Problem to solve » Write the listing below out again exactly, dropping the images.

The data »

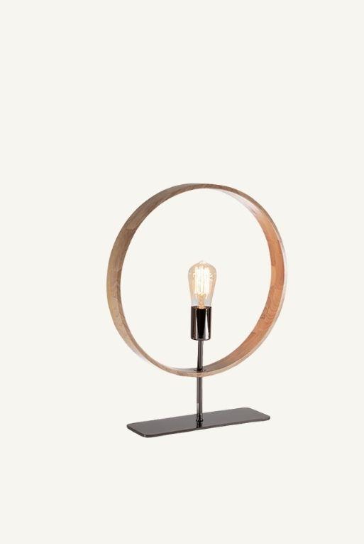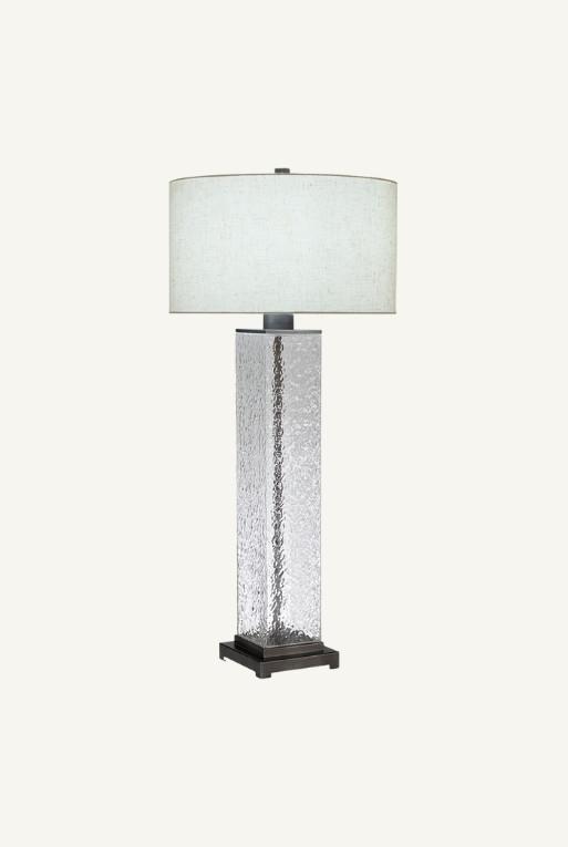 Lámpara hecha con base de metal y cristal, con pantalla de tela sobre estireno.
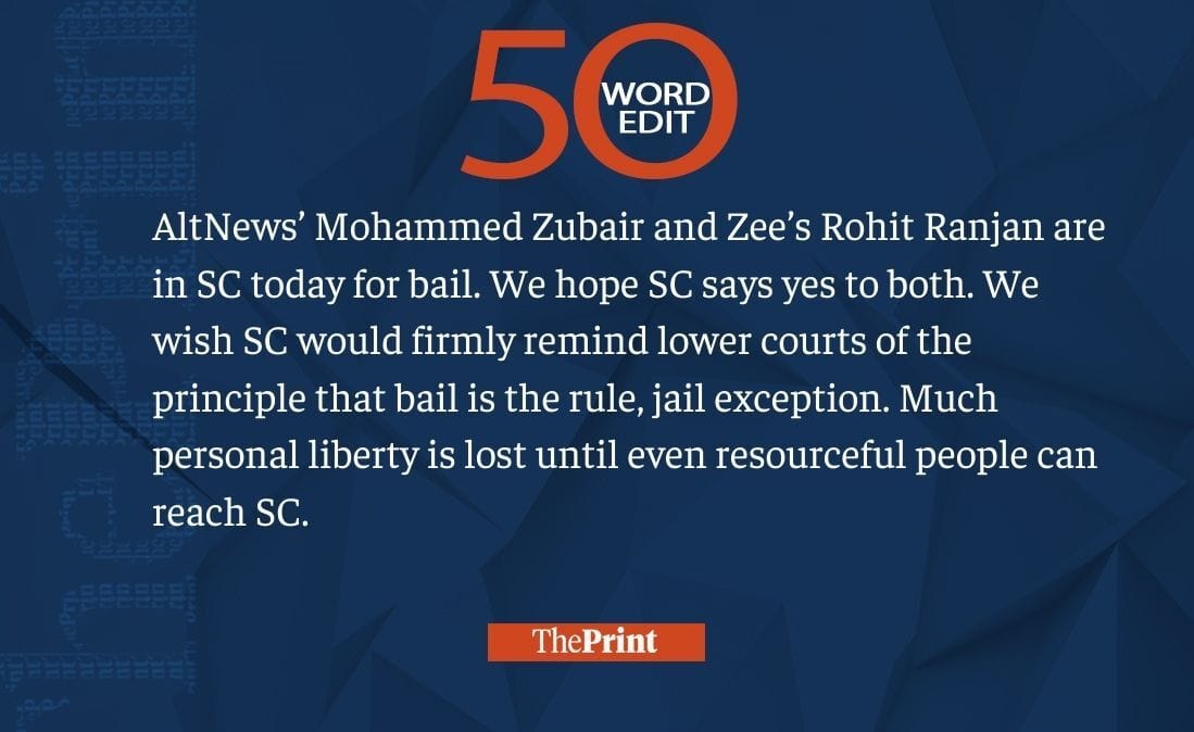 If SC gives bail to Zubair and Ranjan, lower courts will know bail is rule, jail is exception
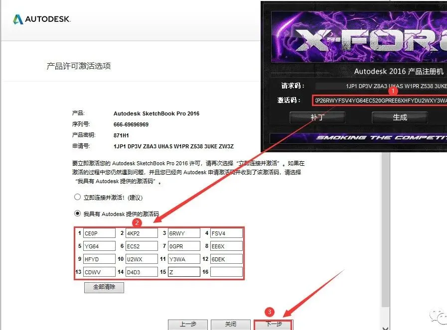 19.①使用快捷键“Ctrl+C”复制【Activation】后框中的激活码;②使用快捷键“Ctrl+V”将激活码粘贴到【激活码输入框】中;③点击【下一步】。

Completed exercise »
 Lámpara hecha con base de metal y cristal, con pantalla de tela sobre estireno.
 If SC gives bail to Zubair and Ranjan, lower courts will know bail is rule, jail is exception
 19.①使用快捷键“Ctrl+C”复制【Activation】后框中的激活码;②使用快捷键“Ctrl+V”将激活码粘贴到【激活码输入框】中;③点击【下一步】。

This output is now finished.